86.  Construction of the pencil by Brianchon’s theorem. Brianchon’s theorem furnishes a ready method of determining a sixth line of the pencil of rays of the second order when five are given.  Thus, select a point in line 1 and suppose that line 6 is to pass through it.  Then l = (12, 45), n = (34, 61), and the line m = (23, 56) must pass through (l, n).  Then (23, ln) meets 5 in a point of the required sixth line.

[Figure 22]

FIG. 22

87.  Point of contact of a tangent to a conic. If the line 2 approach as a limiting position the line 1, then the intersection (1, 2) approaches as a limiting position the point of contact of 1 with the conic.  This suggests an easy way to construct the point of contact of any tangent with the conic.  Thus (Fig. 22), given the lines 1, 2, 3, 4, 5 to construct the point of contact of 1=6.  Draw l = (12,45), m =(23,56); then (34, lm) meets 1 in the required point of contact T.

[Figure 23]

FIG. 23

88.  Circumscribed quadrilateral. If two pairs of lines in Brianchon’s hexagon coalesce, we have a theorem concerning a quadrilateral circumscribed about a conic.  It is easily found to be (Fig. 23)
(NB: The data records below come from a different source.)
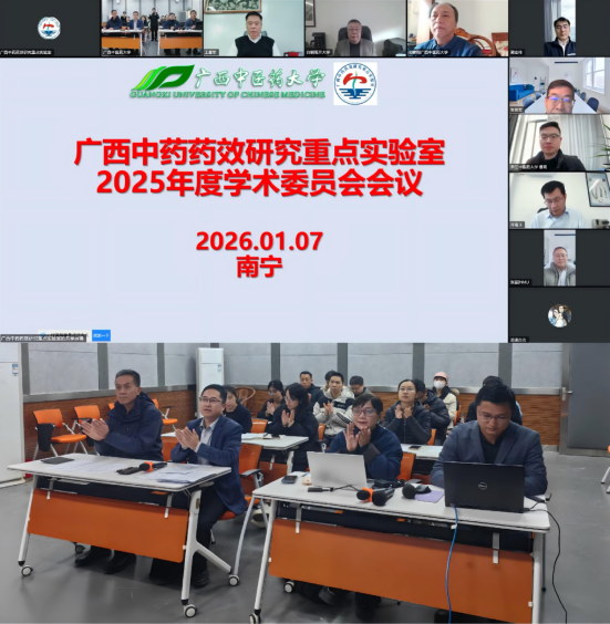 2026年1月7日下午,广西中药药效研究重点实验室召开2025年度学术委员会会议。会议采用“线上+线下”方式进行,学术委员会主任、黑龙江中医药大学王喜军教授,实验室名誉主任、专家顾问邓家刚教授,学术委员会委员南开大学白钢教授,天津药物研究院张铁军研究员,辽宁中医药大学许海玉研究员,海军军医大学张磊教授,首都医科大学王伽伯教授,浙江中医药大学曹岗教授,广西医科大学郭宏伟教授等线上出席,实验室主任郝二伟教授及团队骨干成员现场参会。
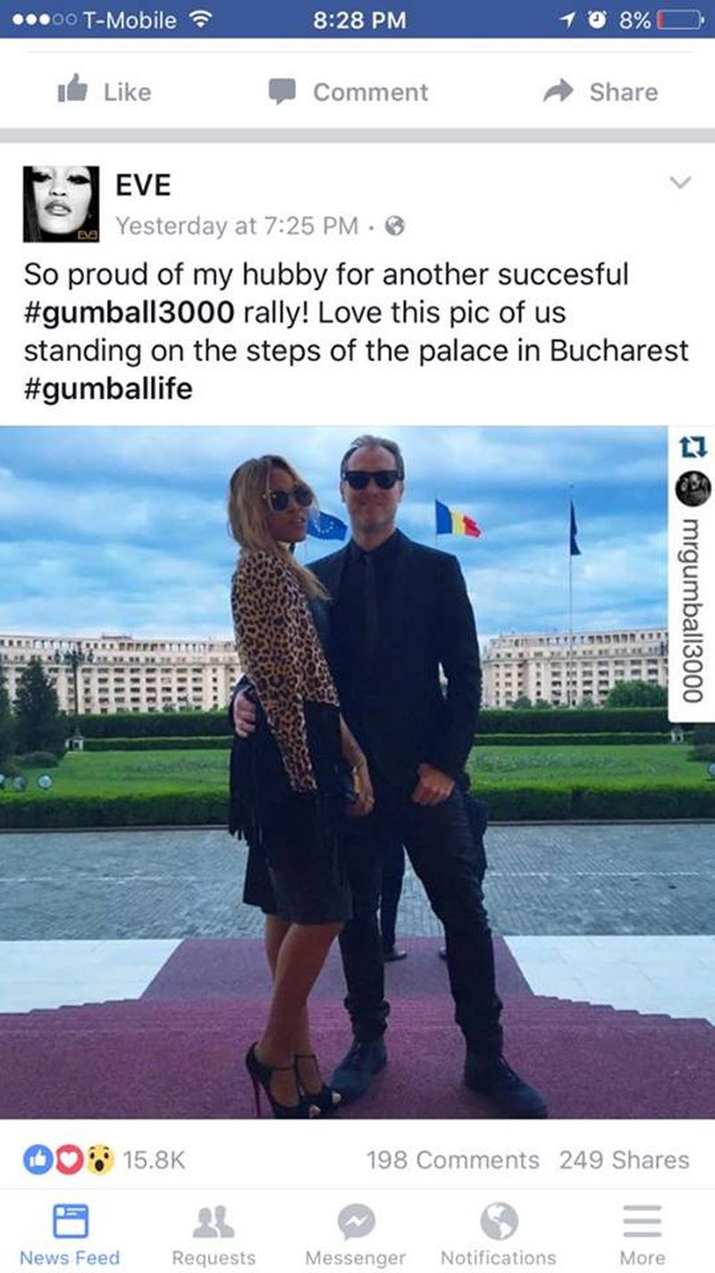 „Sunt foarte mandra de sotul meu, pentru inca un succes Gumball 3000. Iubesc fotografia aceasta cu noi pe treptele palatului din Bucuresti”, a scris Eve pe contul ei de socializare.
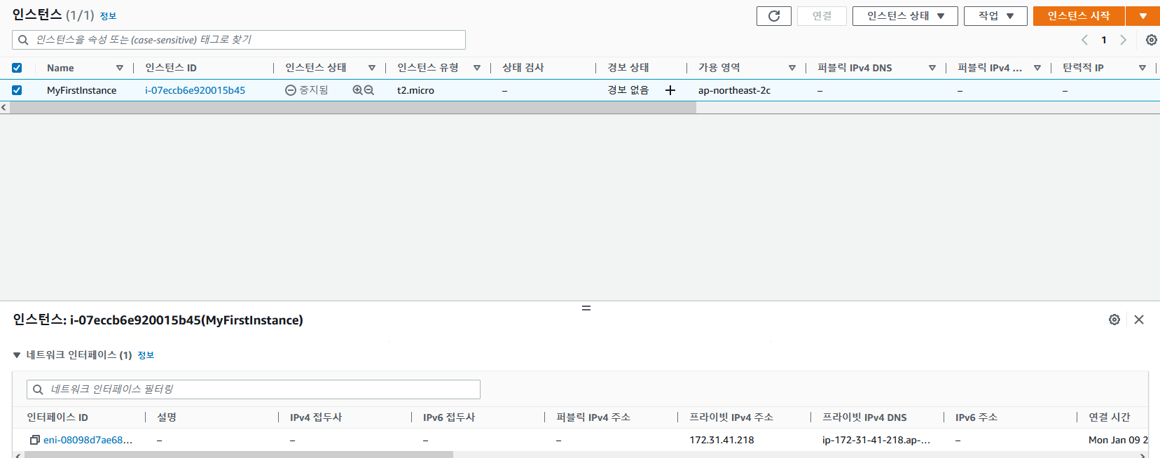 이번에 인스턴스를 중지하고 다시 켜보자
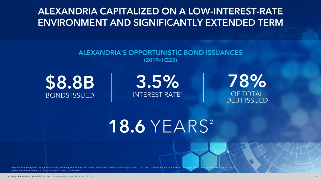 168ALEXANDRIA REAL ESTATE EQUITIES, INC. | Proprietary | All Rights Reserved © 2023 5.2x 5.1x ≤5.1x 4Q21 4Q22 4Q23 Projected¹ 1. Represents our guidance for net debt and preferred stock to Adjusted EBITDA and fixed-charge coverage ratio for the three months ending December 31, 2023 annualized, disclosed on November 29, 2023 and October 23, 2023, respectively. 2. Quarter annualized. Refer to “Net debt and preferred stock to Adjusted EBITDA“ and “Fixed-charge coverage ratio“ in the appendix. ALEXANDRIA’S STRONG CREDIT METRICS NET DEBT AND PREFERRED STOCK TO ADJUSTED EBITDA2 FIXED-CHARGE COVERAGE RATIO2 5.3x 5.0x 4.5x–5.0x 4Q21 4Q22 4Q23 Projected¹
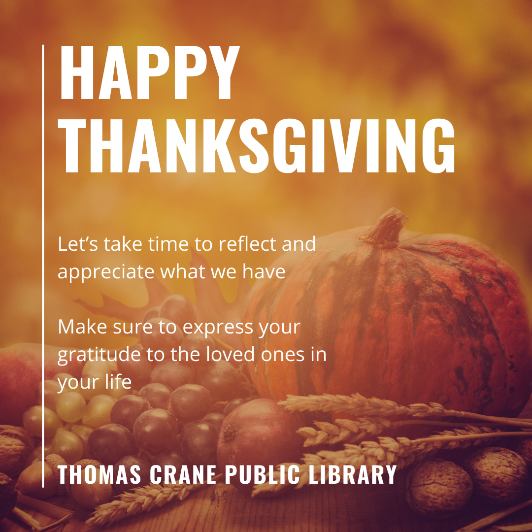 Tuesday, Nov 5 10 - 11 AM Ages 3+ years Adams Shore Library  Thursday, Nov 21 10 AM - 4 PM Ages 2+ years North Quincy Library
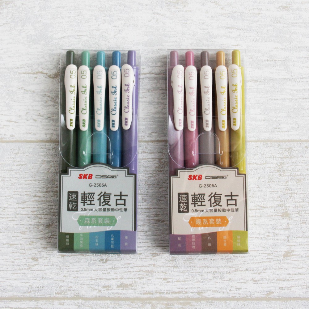 SKB文明鋼筆|輕復古按動中性筆(5入2款)【G-2506A】
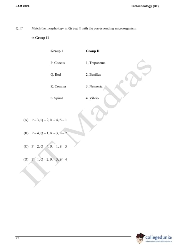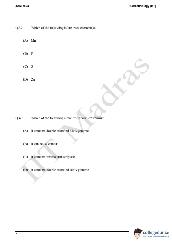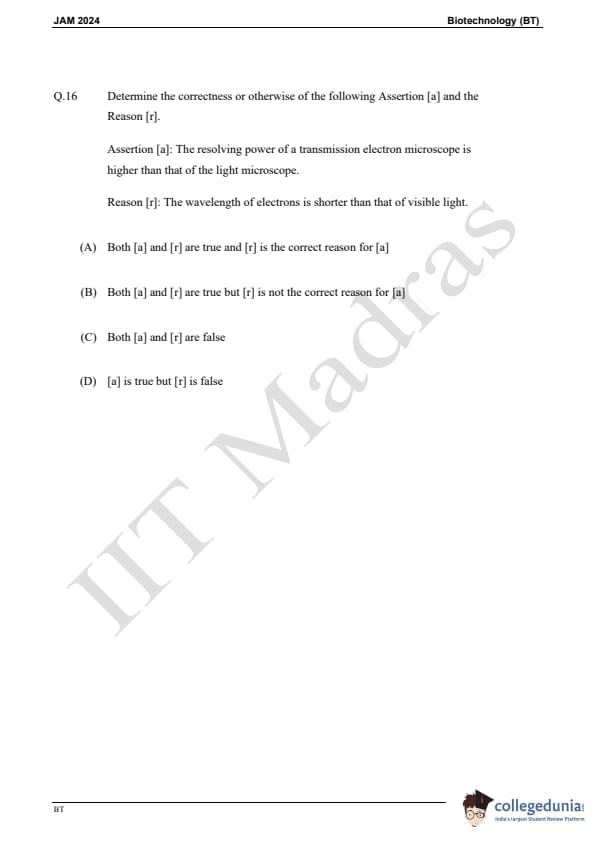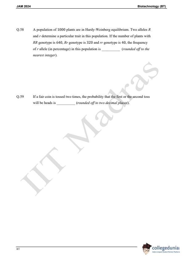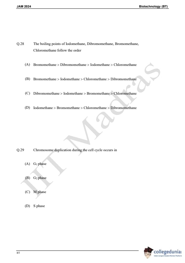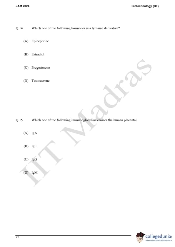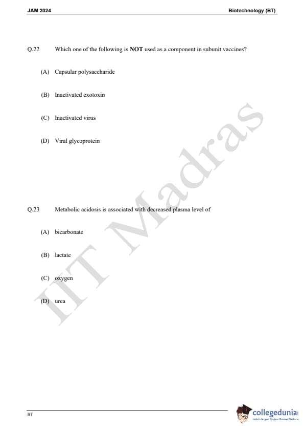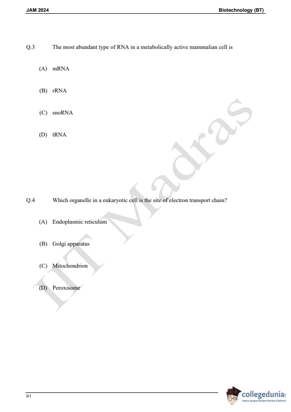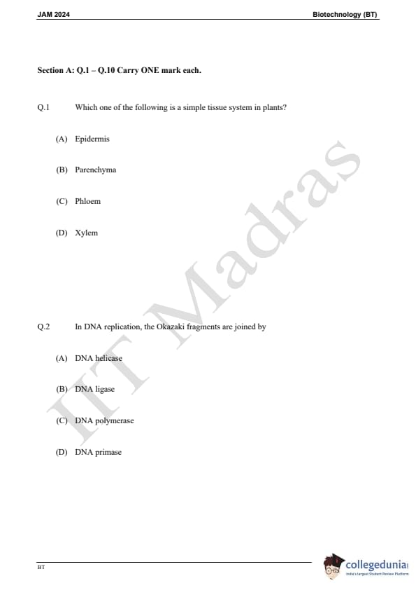IIT JAM 2024 Biotechnology (BT) Question Paper with Answer Key pdf is available for download. IIT JAM 2024 BT exam was conducted by IIT Madras in shift 2 on February 11, 2024. In terms of difficulty level, IIT JAM 2024 Biotechnology (BT) paper was of moderate level. IIT JAM 2024 question paper for BT comprised a total of 60 questions.
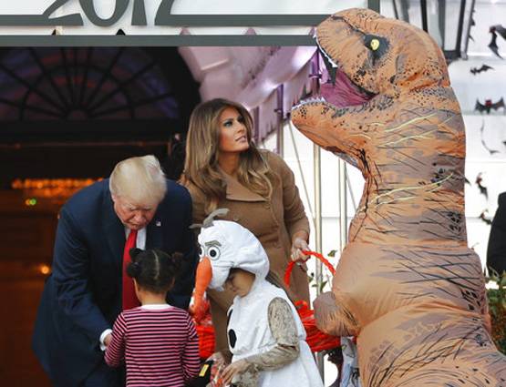 इस पूरे कार्यक्रम का आयोजन कहीं और नहीं बल्कि राष्ट्रपति निवास में यानी वाइट हाउस में किया गया. पूरे लॉन में भूतों वाले गाने बज रहे थे. फॉग मशीनें लगाई गई थीं. व्हाइट हाउस में चारों ओर जालों सहित काली मकड़ियां लटक रही थीं. ट्रंप और उनकी पत्नी मेलेनिया ने हैलोवीन भोज में डायनोसोर सहित तमाम तरह के जानवरों, कंकालों, भूतों, पिशाचों का स्वागत किया. इन बच्चों को देखकर सच में लग रहा था कि भूत आ गए हैं. कुछ बच्चे भयानक जानवर बने थे.
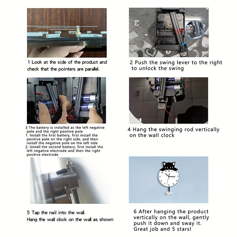 Purrfect Time Stylish Swinging Cat Wall Clock Modern Design
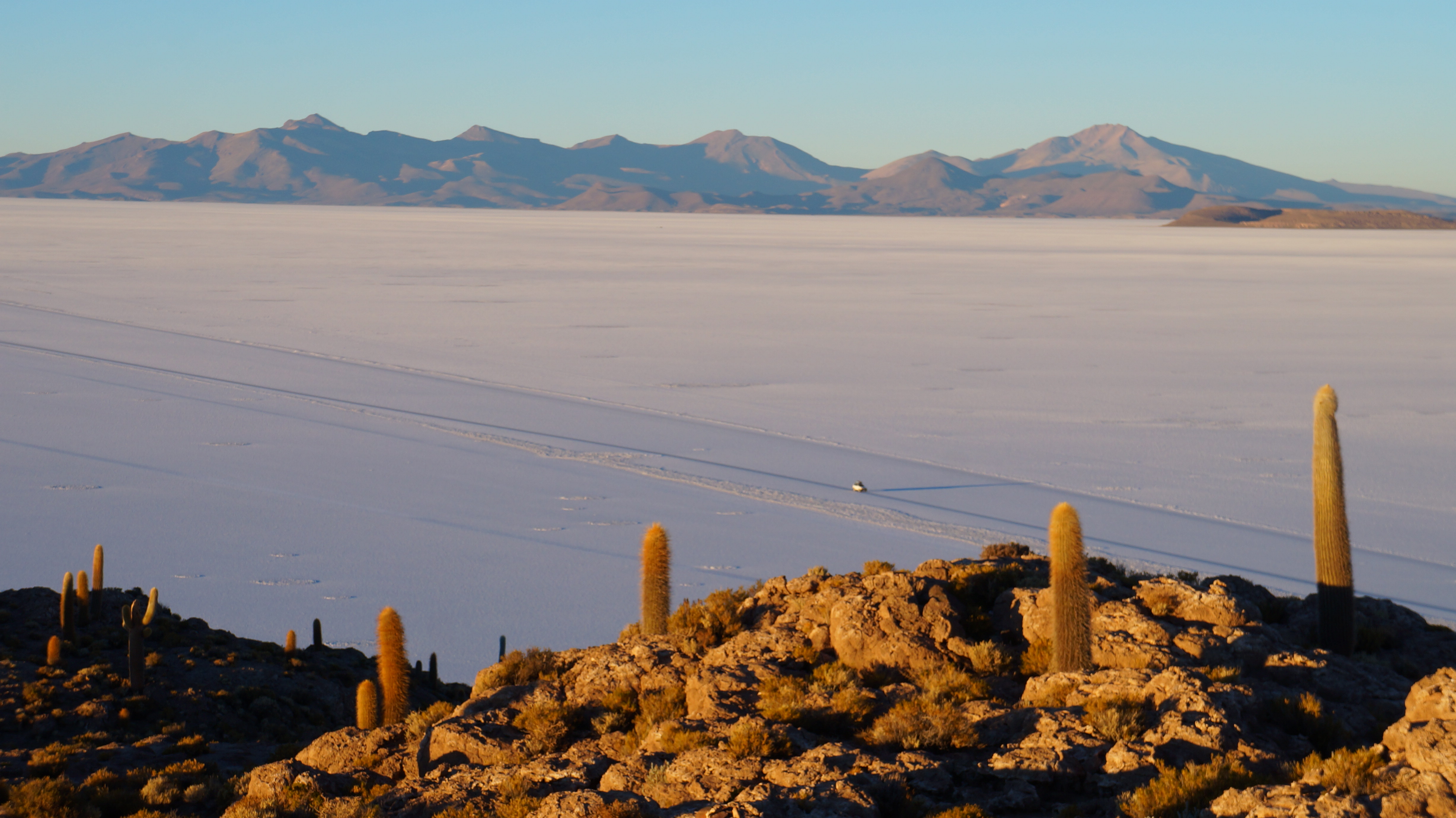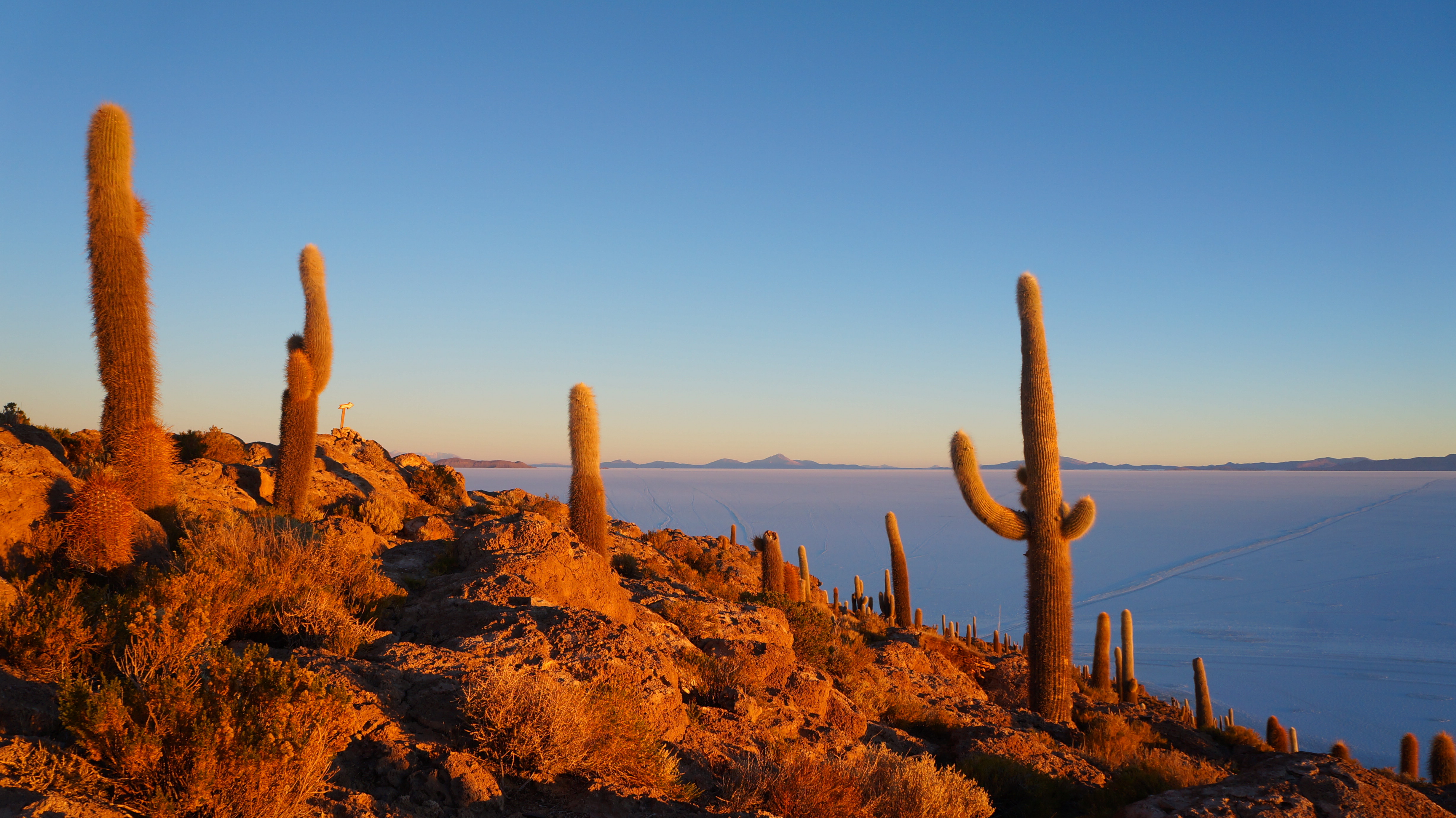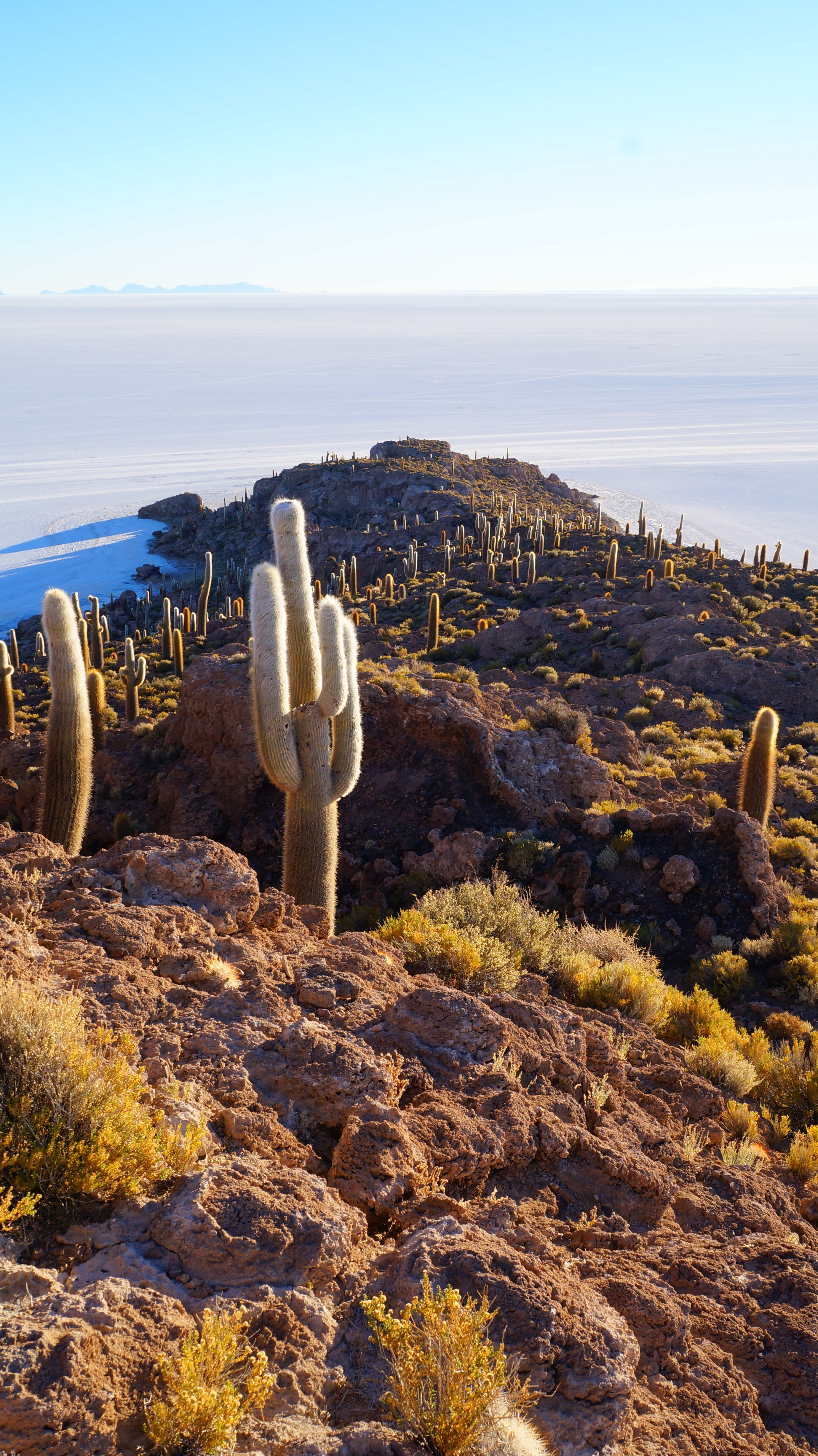 The island was actually the top of the remains of an ancient volcano which was submerged when this area was part of a giant prehistoric lake some 40,000 years ago and today it has an unusual and coral-like structure which often consists of deposits of fossils and algae. The island rises out of the sea of white and cultivates gigantic cacti – some so thick that you can’t reach your arms around them and some so tall that you can’t touch the top.

The four lines joining the two opposite pairs of vertices and the two opposite points of contact of a quadrilateral circumscribed about a conic all meet in a point. The consequences of this theorem will be deduced later.

[Figure 24]

FIG. 24

89.  Circumscribed triangle. The hexagon may further degenerate into a triangle, giving the theorem (Fig. 24) The lines joining the vertices to the points of contact of the opposite sides of a triangle circumscribed about a conic all meet in a point.

90. Brianchon’s theorem may also be used to solve the following problems: 

Given four tangents and the point of contact on any one of them, to construct other tangents to a conic.  Given three tangents and the points of contact of any two of them, to construct other tangents to a conic.

91.  Harmonic tangents. We have seen that a variable tangent cuts out on any two fixed tangents projective point-rows.  It follows that if four tangents cut a fifth in four harmonic points, they must cut every tangent in four harmonic points.  It is possible, therefore, to make the following definition: 

Four tangents to a conic are said to be harmonic when they meet every other tangent in four harmonic points.

92.  Projectivity and perspectivity. This definition suggests the possibility of defining a projective correspondence between the elements of a pencil of rays of the second order and the elements of any form heretofore discussed.  In particular, the points on a tangent are said to be perspectively related to the tangents of a conic when each point lies on the tangent which corresponds to it.  These notions are of importance in the higher developments of the subject.